The term Suitable and sufficient is important as it defines the limits to the risk assessment process. A suitable and sufficient demolition risk assessment should contain:
- Identify the significant risks
- Identify and prioritise the measures required to comply with any relevant statutory provisions:
- Remain appropriate to the nature of the demolition works and valid over a reasonable period of time
- Identify the risks arising from or in connection with the demolition works. The level of detail should be proportionate to the risk
Conclusion of the of the demolition project
The significant findings that should be recorded include a detailed statement of the hazards and risks, the preventative, protective or control measures in place and any further measures required to reduce the risks present.

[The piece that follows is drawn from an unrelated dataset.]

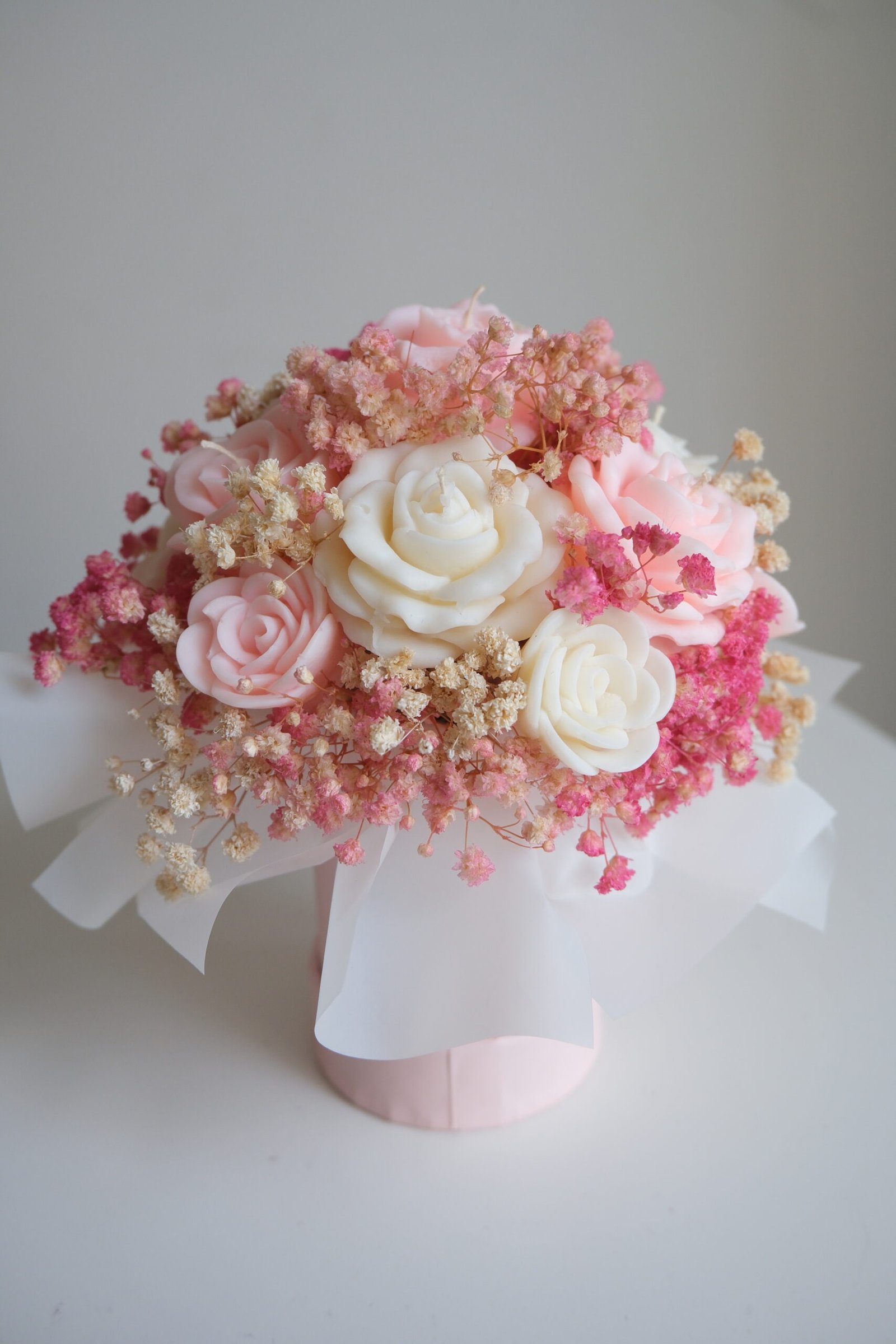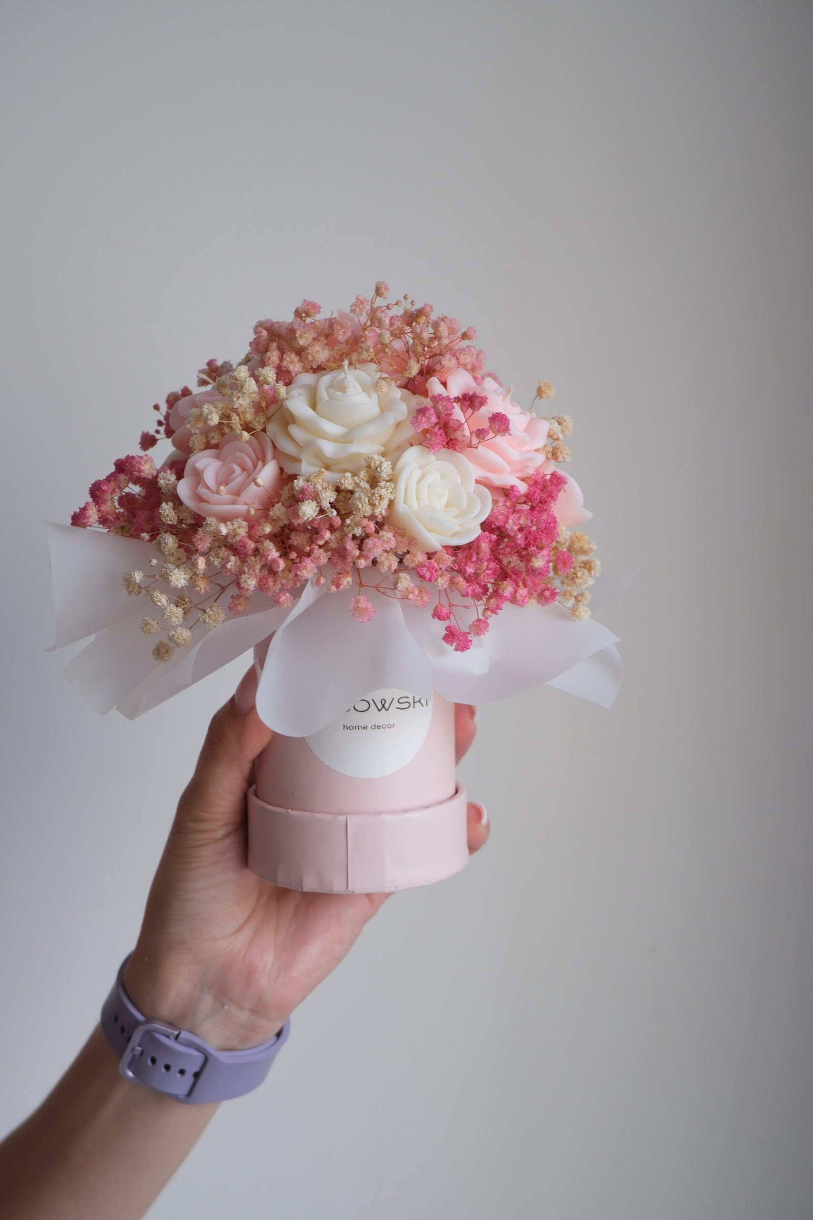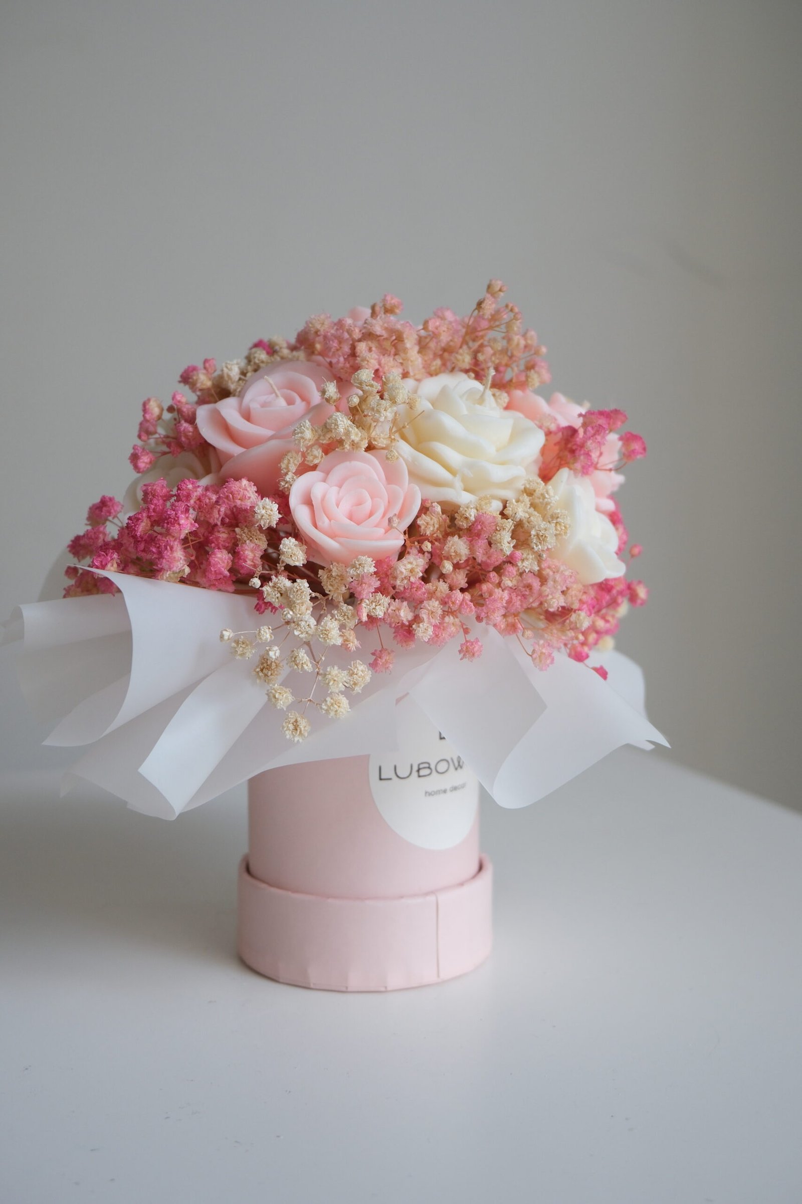 Bukiet wiecznych róż – flower box ze świec sojowych

When assessing risks under the Management of Health and Safety at Work Regulations, reference to other regulations may be applicable even if there is no specific requirement for a demolition risk assessment in those Regulations. Apart from the duty under the Management of Health and Safety at Work Regulations to undertake a Health and Safety assessment of the risks to any person, employees, contractors, or members of the public, who may be affected by the demolition activities of the contractor, the following Regulations require a specific demolition risk assessment to be created:
- Ionising Radiations Regulations
- Control of Asbestos Regulations
- Control of Noise at Work Regulations
- Manual Handling Operations Regulations
- Health and Safety ( Display Screen Equipment Regulations
- Personal Protective Equipment at Work Regulations
- Confined Spaces Regulations
- Working at Heights Regulations
- Regulatory Reform ( Fire Safety) Order ( not under HSW Act
- Control of Vibration at Work Regulations
- Control of Substances Hazardous to Health Regulations.